But I will venture the observation that—with a sample size of one, and an optimization process very different from human thought—there was a cascade in the region of the transition from primate to human intelligence.
Cycles happen when you connect the output pipe to the input pipe in a repeatable transformation. You might think of them as a special case of cascades with very high regularity. (From which you’ll note that in the cases above, I talked about cascades through differing events: farming → writing.)
The notion of cycles as a source of discontinuity might seem counterintuitive, since it’s so regular. But consider this important lesson of history:
Once upon a time, in a squash court beneath Stagg Field at the University of Chicago, physicists were building a shape like a giant doorknob out of alternate layers of graphite and uranium...
The key number for the “pile” is the effective neutron multiplication factor. When a uranium atom splits, it releases neutrons—some right away, some after delay while byproducts decay further. Some neutrons escape the pile, some neutrons strike another uranium atom and cause an additional fission. The effective neutron multiplication factor, denoted k, is the average number of neutrons from a single fissioning uranium atom that cause another fission. At k less than 1, the pile is “subcritical”. At k >= 1, the pile is “critical”. Fermi calculates that the pile will reach k=1 between layers 56 and 57.
On December 2nd in 1942, with layer 57 completed, Fermi orders the final experiment to begin. All but one of the control rods (strips of wood covered with neutron-absorbing cadmium foil) are withdrawn. At 10:37am, Fermi orders the final control rod withdrawn about half-way out. The geiger counters click faster, and a graph pen moves upward. “This is not it,” says Fermi, “the trace will go to this point and level off,” indicating a spot on the graph. In a few minutes the graph pen comes to the indicated point, and does not go above it. Seven minutes later, Fermi orders the rod pulled out another foot. Again the radiation rises, then levels off. The rod is pulled out another six inches, then another, then another.

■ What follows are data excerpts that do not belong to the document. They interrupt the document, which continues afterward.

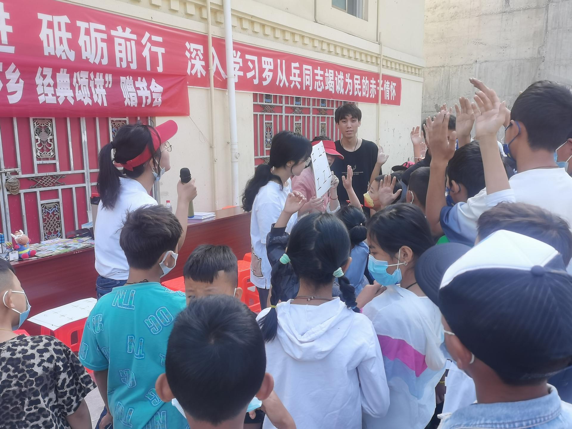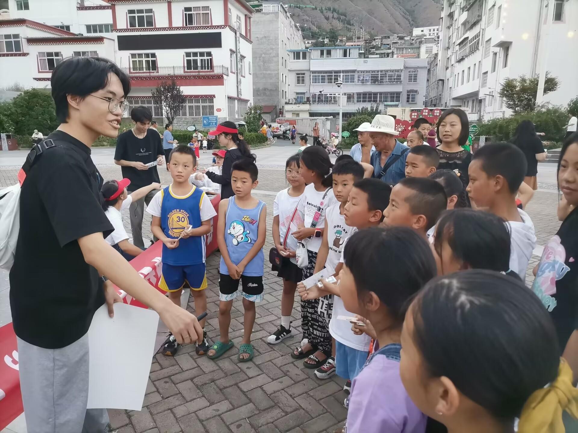讲述经典故事,写好规范文字。经过多次演练,团队成员分别于8月21日下午19:00和8月24日上午9:00在金川县的勒乌镇和观音桥镇的文化广场开展“送教下乡,经典诵读”赠书会。此次赠书会活动坚持以诵读为基础、以阅读为保证,在读中升华,在读中受教。活动现场,家长和孩子们热情高涨,踊跃参与,并表示非常期待未来可以有更多机会参与此类文化活动。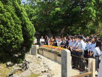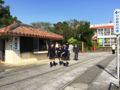 ひめゆり平和資料祈念館での様子です。平和講話の後,資料館内を見学しました。戦争の残酷さや平和の大切さについてしっかりと考えることができる,良い機会になったと思います。この後は,読谷村役場へ移動し,入村式を行います。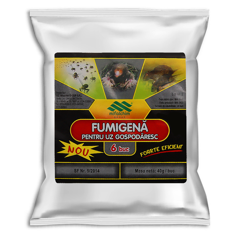FUMIGENĂ - tub de forma cilindrică învelit într-un strat de sulf topit care, prin aprindere, generează un fum înecăcios, bogat în dioxid de sulf. Acesta are rolul de a reduce concentrația de oxigen din încăpere, obligând astfel rozătoarele să migreze în altă parte. În plus, fumul produs de acest tub ajută și la îndepărtarea muștelor de oțet și a altor insecte din spațiile de depozitare a legumelor, fructelor și cerealelor.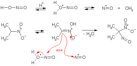 Способность образовывать ацинитроформу или анион придает нитроалканам свойства С-нуклеофилов средней силы. К превращениям ацинитроформы можно отнести реакцию нитрозирования. Первичные нитроалканы превращаются в нитроловые кислоты, вторичные – в псевдонитролы.

At 11:30, the slow rise of the graph pen is punctuated by an enormous CRASH—an emergency control rod, triggered by an ionization chamber, activates and shuts down the pile, which is still short of criticality.
Fermi orders the team to break for lunch.
At 2pm the team reconvenes, withdraws and locks the emergency control rod, and moves the control rod to its last setting. Fermi makes some measurements and calculations, then again begins the process of withdrawing the rod in slow increments. At 3:25pm, Fermi orders the rod withdrawn another twelve inches. “This is going to do it,” Fermi says. “Now it will become self-sustaining. The trace will climb and continue to climb. It will not level off.”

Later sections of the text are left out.